Famana Quizera

Personal information
- Date of birth: 25 April 2002 (age 24)
- Place of birth: Bissau, Guinea-Bissau
- Height: 1.72 m (5 ft 8 in)
- Positions: Attacking midfielder; winger;

Team information
- Current team: União de Leiria
- Number: 7

Youth career
- 0000–2018: Benfica
- 2018–2020: Borussia Mönchengladbach

Senior career*
- Years: Team / Apps / (Gls)
- 2020–2022: Borussia Mönchengladbach / 0 / (0)
- 2020–2021: Borussia Mönchengladbach II / 30 / (4)
- 2021–2022: → Académico de Viseu (loan) / 24 / (5)
- 2022–2025: Académico de Viseu / 78 / (8)
- 2025–: União de Leiria / 5 / (0)

International career^{‡}
- 2023–: Guinea-Bissau / 1 / (0)

= Famana Quizera =

Bissau-Guinean footballer

Famana Quizera (born 25 April 2002) is a Bissau-Guinean professional footballer who plays as an attacking midfielder or winger for Liga Portugal 2 club União de Leiria and the Guinea-Bissau national team.

==Career==

In 2021, Quizera was sent on loan to Portuguese club Académico de Viseu in the Liga Portugal 2, from Borussia Mönchengladbach in the German Bundesliga. On 13 September 2021, he debuted for Académico de Viseu during a 2–2 draw against Farense.

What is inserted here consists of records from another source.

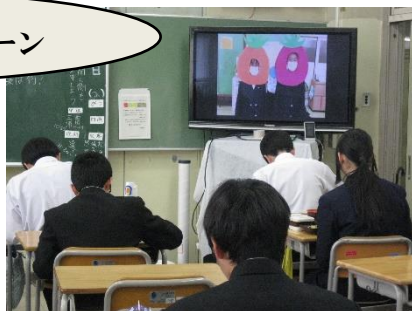
【1/19 学校保健委員会ウイーク：昼食時TVで地産地消等の紹介(保健安全委員会)】
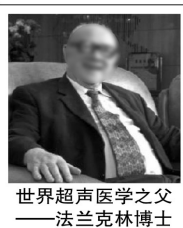
世界超声医学之父——弗兰克林博士

1995年3月,德国“UHD计划”(超声医学心脏探索计划)在弗兰克林生命研究中心秘密展开。18年后,德国联邦卫生部向全球医学界发表公开声明:因为一种尖端科学技术的成功介入,非药物、非手术溶解血栓、软化心血管、提高血管弹性、降低血脂已经成为医学现实,人类历史上第一次实现了心脏病治疗——不吃药、免支架、不搭桥、不住院的革命性突破。
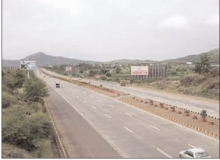
उपर को चार राज्यों की सीमा से जोड़ेगा और यह गंगा एक्सप्रेसवे से लिंक होगा, जल्द ही काम शुरू होने की उम्मीद

साथ ही व्यापार व पर्यटन की दृष्टि से भी यह काफी महत्वपूर्ण साबित होगा। यह एक्सप्रेस प्रयागराज में सोरांव, फूलपुर, हडिया तहसील के रास्ते होते हुए मिर्जापुर और सोनभद्र तक जाएगा। एक्सप्रेसवे के लिए तीन तहसीलों के जिन 84 गांवों में जमीन का अधिग्रहण किया जाना है, उनमें तहसील सोरांव के 29,
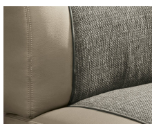
+ Stofkombination Camino
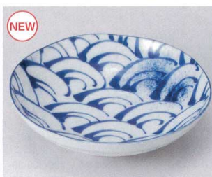
295-502-31 460円 青海波麵皿(21×5.2) 629550231
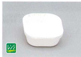
TPM-1.5 PP中子(中)(ホワイト) 90×101×35 200cc ¥780

On 21 July 2022, Quizera permanently signed for Académico de Viseu in the Liga Portugal 2 for an undisclosed fee.

On 18 August 2025, Quizera moved to União de Leiria in the same league on a three-season deal.

==International career==
Quizera was called up to the Guinea-Bissau national team for a set of 2023 Africa Cup of Nations qualification matches in September 2023.